British Gas, EDF Energy, E.ON, Npower, Scottish Power, and SSE provide about 90% of the gas and electricity used in the UK.
But they do not always offer the best energy deals.
Most people could save money by switching from the so-called Big Six suppliers to a smaller energy company.
Who are the Big Six?
British Gas, EDF Energy, E.ON, Npower, Scottish Power, and SSE are the country's largest energy companies, or Big Six gas and electricity suppliers.
Does big mean best?
Not necessarily.

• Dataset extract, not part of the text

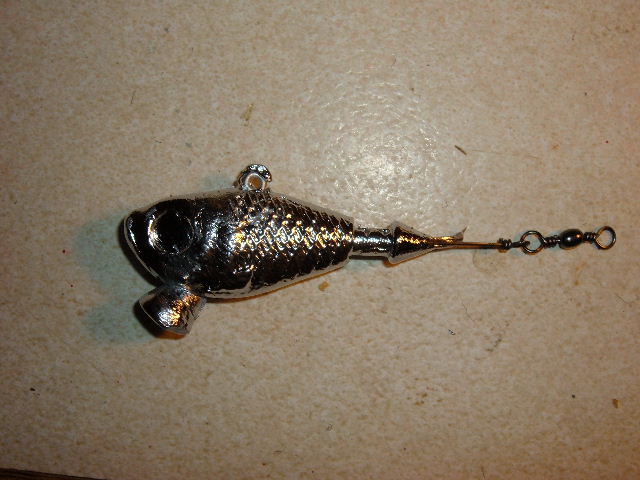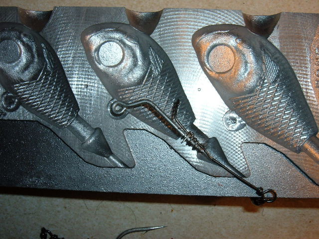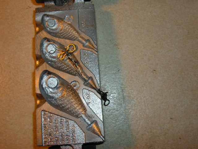 I cut the hook off a jig hook, straightend out a snap lock #3 (mine had a swivel) and wired them together. Should have left a little less of snap outside mold. Problem solved. Easiest way to cut hook is with the edge of a grindstone. Opened up the eye of a 4/0 hook with a fine nailset to fit over swivel and closed with pliers. This is a 6 oz jig.

While these six companies supply almost all UK households, smaller suppliers often offer cheaper deals.
They also tend to have higher customer service ratings.

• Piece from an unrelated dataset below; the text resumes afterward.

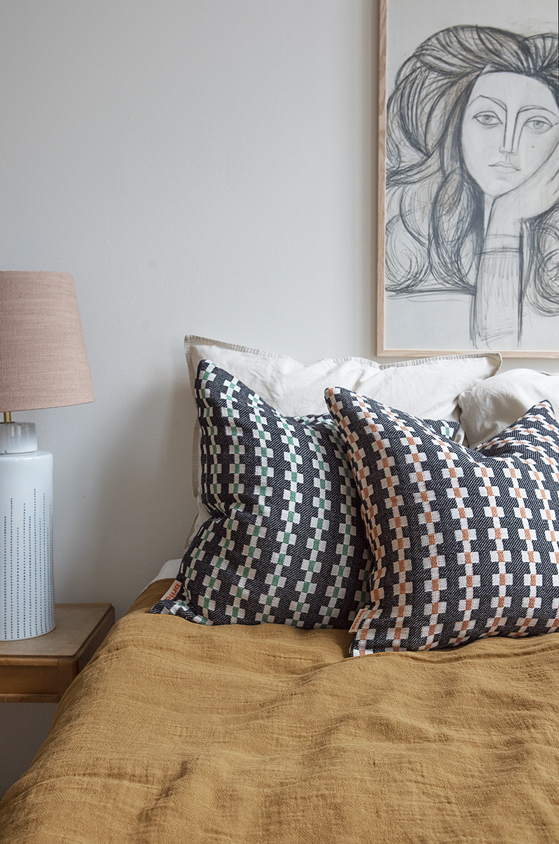 Cojín Marta Brown con funda de almohada tejida en 100 % algodón reciclado.

That’s why our energy comparison service shows you tariffs from all the suppliers in the UK, not just the Big Six.
Who are the smaller energy suppliers?
Over the last five years or so, the number of energy companies in the UK has shot up.
The smaller, “challenger” suppliers include:
- First Utility
- Ovo Energy
- Utility Warehouse
- Good Energy
- Octopus Energy
Which company provides the cheapest electricity?
No one electricity supplier offers the cheapest deal for everyone.
The best deal for your home will depend on factors such as where you live, how much energy you use, and when you use it.
Which company provides the cheapest gas?
As with electricity, the cheapest gas supply for your home will depend on your individual circumstances.
The quickest and easiest way to find out is to compare deals on MoneySuperMarket.
What are the benefits of the Big Six?
Some people feel safer sticking with an energy company they know.
But Ofgem regulates all the UK’s energy suppliers, so smaller companies follow exactly the same rules as the Big Six.
Even if a smaller provider goes out of business, you will not lose any money and there will be no disruption to your gas and/or electricity supply (see below).
What are the benefits of changing to a smaller supplier?
As well as offering cheaper deals for many people, smaller energy companies often come out top for customer service.
Smaller green energy specialists, such as Ecotricity and Green Star Energy, also tend to offer the most competitive, environmentally friendly tariffs.
Are there any disadvantages to switching to a smaller supplier?
There are generally no disadvantages to switching to a smaller supplier.
However, if you receive the Warm Home Discount (a £140 payment towards your energy bills), it’s worth checking small suppliers pay this.
Only energy firms with at least 250,000 customers have to offer it, although some smaller firms still do.
What happens if a smaller supplier goes bust?
You will not be left without gas or electricity if your supplier goes bust.
Under regulator Ofgem’s rules, you will simply be switched to a new supplier if your existing company can no longer provide energy.
Your tariff may change, but you will not lose any in-credit balance you have. Find out more about your rights.
How long does it take to change energy supplier?
Your supply is not interrupted when you switch energy companies. And no work needs to be done on your home.
It’s the same gas and electricity coming through the same pipes and wires – just at a cheaper price!
Switching should therefore take no longer than 21 days, including a two-week “cooling-off” period during which you can cancel free of charge.
How do I change energy suppliers?
Finding a cheaper energy deal takes just a few minutes using MoneySuperMarket.
To do this, you will need:
- Your postcode
- A recent bill showing your supplier, your tariff, and how much energy you use*
- Your bank details (to set up a new direct debit)
- An up-to-date meter reading so your existing supplier can send you a final bill
*Our energy usage estimation tool can help if you don’t know this.
Can I switch energy suppliers if I am in arrears?
You can switch energy suppliers if you have been in debt for less than 28 days.
If you have owed money for longer than that, you'll need to repay it first.
The exception is if you have a prepayment meter, in which case you can switch as long as you owe less than £500 for gas and/or £500 for electricity.